When to Use: Monthly maintenance planning and trend analysis

Example 3: Single Station Investigation

Investigate a specific problematic station:

python anomaly_detector.py --health-check --days 7 --station grevena

Output:

Station: grevena
Status: 🔴 CRITICAL
Data Completeness: 58.0%
Total Data Points: 585

Variable Reports:
  wind_speed:
    ✗ High zero ratio (71.6%) - sensor may be stalled
    • Zero Ratio: 0.716 (71.6%)
    • Null Ratio: 0.000 (0.0%)
    • Variance: 1.37

When to Use: Focused investigation of known problem stations

Example 4: Generate JSON Report

Export detailed report for integration:

python anomaly_detector.py --health-check --days 7 --save health_report.json

Output File (health_report.json):

[
  {
    "station_id": "grevena",
    "analysis_period_days": 7,
    "data_completeness": 0.5803571428571429,
    "total_data_points": 585,
    "overall_status": "critical",
    "variable_reports": [
      {
        "variable": "wind_speed",
        "zero_ratio": 0.7162393162393162,
        "null_ratio": 0.0,
        "variance": 1.3745650392225732,
        "issues": [
          "High zero ratio (71.6%) - sensor may be stalled"
        ],
        "severity": "critical"
      }
    ]
  }
]

When to Use: Integration with monitoring dashboards, alerting systems, or quality tracking

Advanced Examples

Example 5: Custom Time Period

Check a specific historical period:

# Check last 14 days
python anomaly_detector.py --health-check --days 14

# Check last quarter (90 days)
python anomaly_detector.py --health-check --days 90

When to Use: - Investigate historical problems - Quarterly reporting - Trend analysis over extended periods

Example 6: Multiple Variables

Check all meteorological variables for health:

python anomaly_detector.py --health-check --days 7 \
  --variables wind_speed,temp_out,out_hum,bar,rain

Output:

Station: grevena
  wind_speed:
    ✗ High zero ratio (71.6%) - sensor may be stalled
  temp_out:
    ✓ Healthy
  out_hum:
    ✓ Healthy
  bar:
    ✓ Healthy
  rain:
    ⚠ High null ratio (45.2%) - intermittent data loss

When to Use: Comprehensive station diagnostics

Example 7: Automated Daily Reports

Create a cron job for daily health monitoring:

# Edit crontab
crontab -e

# Add this line (runs at 6 AM daily)
0 6 * * * cd /path/to/stream_detection && python anomaly_detector.py --health-check --days 7 --save /var/log/health/report_$(date +\%Y\%m\%d).json >> /var/log/health/health_check.log 2>&1

When to Use: Continuous monitoring with daily snapshots

Real-World Use Cases

Use Case 1: Detecting Stalled Wind Sensors

Problem: Wind speed sensor at station "grevena" showing mostly zero readings

Investigation:

python anomaly_detector.py --health-check --days 7 --station grevena --variables wind_speed

Result:

grevena - wind_speed:
  Zero Ratio: 71.6%  ← 🔴 CRITICAL
  Variance: 1.37     ← Abnormally low (normal: 10-80)

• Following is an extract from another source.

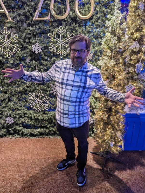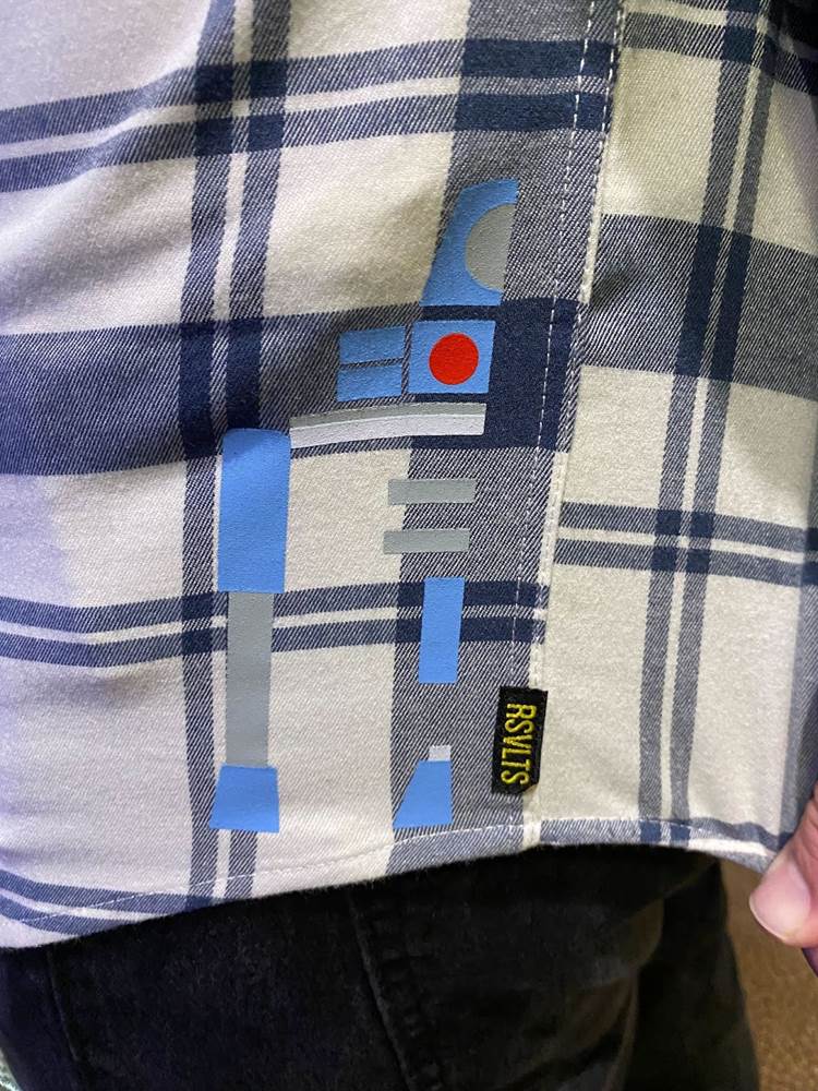 Next I tried out the “Dagobah Flannel Master" shirt ($72) and I’m into this one just as much! Where the Artoo version used blue and grey highlights familiar from the droid’s iconic design for the pattern, more earthy tones like green and tan are represented here, and there’s a fun little sketch of our favorite diminutive Jedi Master in his adopted home on the swamp planet from The Empire Strikes Back. I could see myself wearing both of these to any number of occasions where t-shirts (or tiki shirts) aren’t appropriate.

Diagnosis: Sensor physically stuck or malfunctioning
Action: Schedule on-site inspection

Real Data Comparison: - Healthy station (dodoni): 21.5% zero ratio, variance: 18.0 - Problem station (grevena): 71.6% zero ratio, variance: 1.37

Use Case 2: Identifying Communication Failures

Problem: Station "kolympari" shows intermittent data loss

Investigation:

python anomaly_detector.py --health-check --days 30 --station kolympari

Expected Output:

kolympari:
  Null Ratio: 52.3%  ← 🔴 CRITICAL
  Data Completeness: 47.7%

Diagnosis: Network/communication issue
Action: Check network connection, power supply

Use Case 3: Pre-Maintenance Screening

Scenario: Before winter season, check all stations for potential problems

Command:

# Check all stations over last 30 days
python anomaly_detector.py --health-check --days 30 --save pre_winter_check.json

# Extract only critical stations
jq '.[] | select(.overall_status == "critical") | {station_id, issues: [.variable_reports[].issues[]]}' pre_winter_check.json

Output:

{
  "station_id": "grevena",
  "issues": [
    "High zero ratio (71.6%) - sensor may be stalled"
  ]
}

Action: Schedule maintenance for identified stations before critical season

Automation Examples

Example 8: Alert on Critical Status

Script that sends alerts when critical issues are detected:

#!/bin/bash
# health_check_alert.sh

REPORT_FILE="/tmp/health_check.json"

# Run health check
python anomaly_detector.py --health-check --days 7 --save "$REPORT_FILE"

# Count critical stations
CRITICAL_COUNT=$(jq '[.[] | select(.overall_status == "critical")] | length' "$REPORT_FILE")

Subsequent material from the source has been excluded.